Mayor Ruth Beier Sees Big Benefits and Big Risks to MSU’s Decision
Reacting to the news this afternoon from MSU that the university will reopen to some extent in September, East Lansing Mayor Ruth Beier tells ELi she is relieved because of the local economic benefits. But she does not want to underestimate the huge challenges the City will face.
“It’s going to be scarier for the city than I think it is for campus,” she said, speaking by phone.
Beier noted that MSU President Sam Stanley and his staff have “a lot of tools to control students on their property, but in the city those students are citizens like everybody else, and we don’t have the same controls. We can’t say ‘you can’t have eight people in this room,’ and Dr. Stanley can.”

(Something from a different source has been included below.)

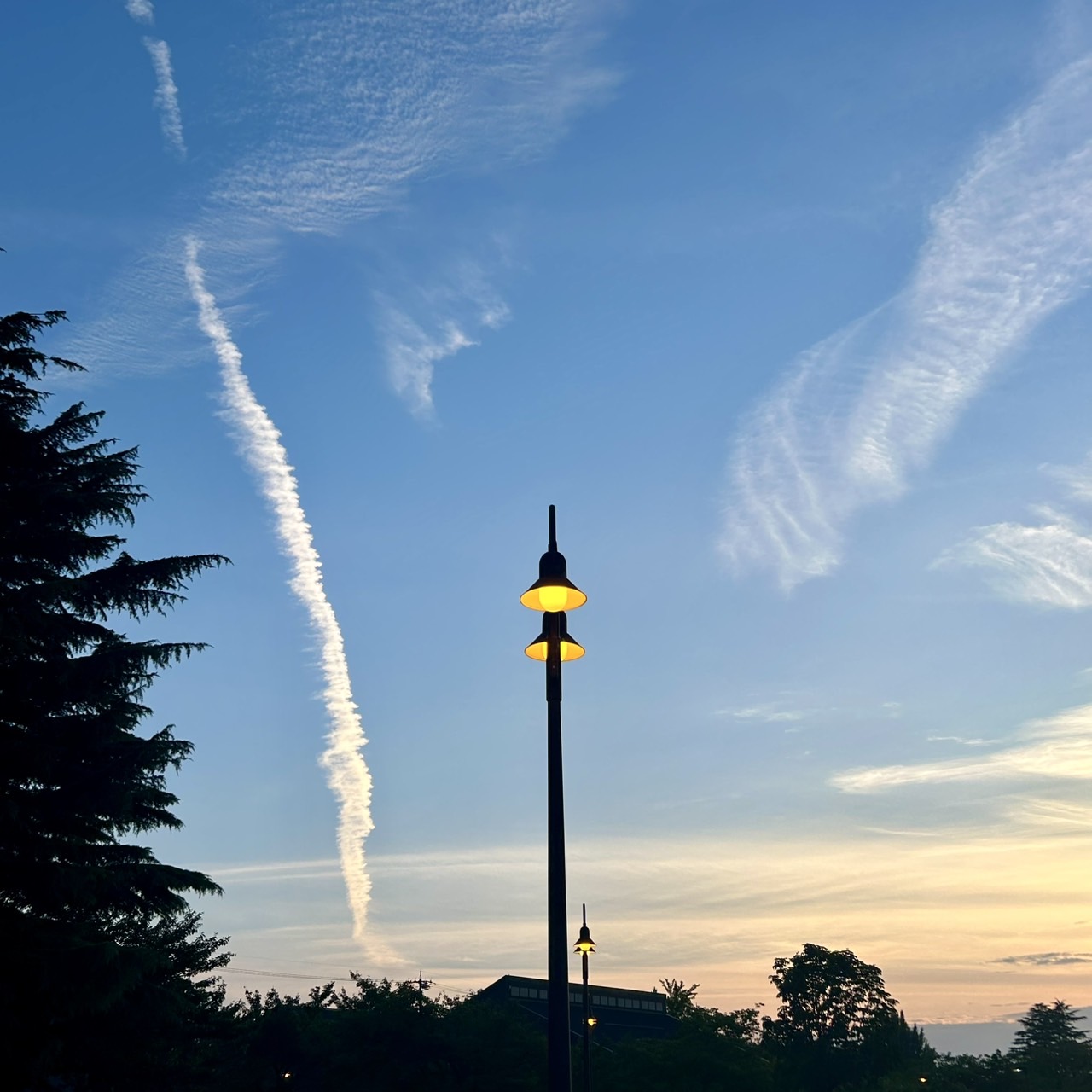 雲と夕焼けとレトロな電灯。

Beier says she wishes that the City of East Lansing’s leaders had been invited to be more involved in the decision-making process about reopening.

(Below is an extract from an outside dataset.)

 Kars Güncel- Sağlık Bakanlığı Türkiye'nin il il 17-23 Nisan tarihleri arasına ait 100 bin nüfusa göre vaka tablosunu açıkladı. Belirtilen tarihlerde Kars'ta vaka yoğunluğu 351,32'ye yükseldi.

“But even if we had been involved, we probably would have come to the same conclusion,” she said, on reflection, “because if we wanted to stay closed until it is safe – which means waiting for a vaccine – I think East Lansing would never recover from that. I think every business in East Lansing would close forever, and that would be a high price to pay.”
Asked yesterday about whether City of East Lansing leaders had been included in the Reopening Campus Task Force discussions, City Manager George Lahanas said they were not.
“We are not on the committee,” Lahanas said, “but I have a standing phone call with Janet Lillie every two weeks and she provides general updates.” (Lillie is MSU’s Assistant Vice President for Community Relations.)
At City Council last night, Beier indicated she would have preferred City leaders to be actively engaged with MSU on these issues, but she said that “we have never been” included in such discussions.
“MSU has to make decisions, and we will react to whatever decisions they make,” she said.
Mayor Pro Tem Aaron Stephens also said he would much prefer “more communication on their end.” He noted that the City “had to be very reactionary on the bar scene” when MSU ended in-person classes suddenly, something that “could have put people at risk” for infection and transmission of COVID-19.
Beier said this afternoon that she likes MSU’s idea of sending people home at Thanksgiving and not having them return for the remainder of the semester – a move that will help prevent disease-spreading travel back and forth – and she is glad that there will be online class options.
But when MSU suddenly changed to online-only instruction in March, pandemonium broke out in the City, with bars and parties packed with students unconcerned with the disease.
At the time, Stanley urged students to stop partying and to leave East Lansing to go to their family homes, but that did little to help. The only thing that stopped the packed partying scene was the governor’s stay-at-home orders.
“East Lansing doesn’t have the power to regulate things like bars” in terms of closure or occupancy limits, Beier noted today. “We can only do what the governor tells us to do, so I’m relying on the governor to protect us from the coronavirus.”
Speaking of Stanley, she said, “He is putting forty thousand people in my city, which is great for the economy, but dangerous for the people who live here” the rest of the year.
Beier said that, given that she is 59 years old – and so at increased risk of becoming very sick and dying from COVID-19 compared to young people – “I’m going to take my own protections, and I hope everyone else will, too.”
She said she will continue to stay home as much as possible.
“I don’t want anyone to think that because MSU is opening, East Lansing is safe from the virus.”
The opposite is likely to be true – that the year-round residents of East Lansing will become more at risk of catching the virus.
And that is why Beier said she is troubled that Stanley’s message seems to speak of “the MSU community” as if East Lansing is not part of that.
“I wish we had been more involved” in the task force discussions, she said, “because the community of MSU includes the community of East Lansing.”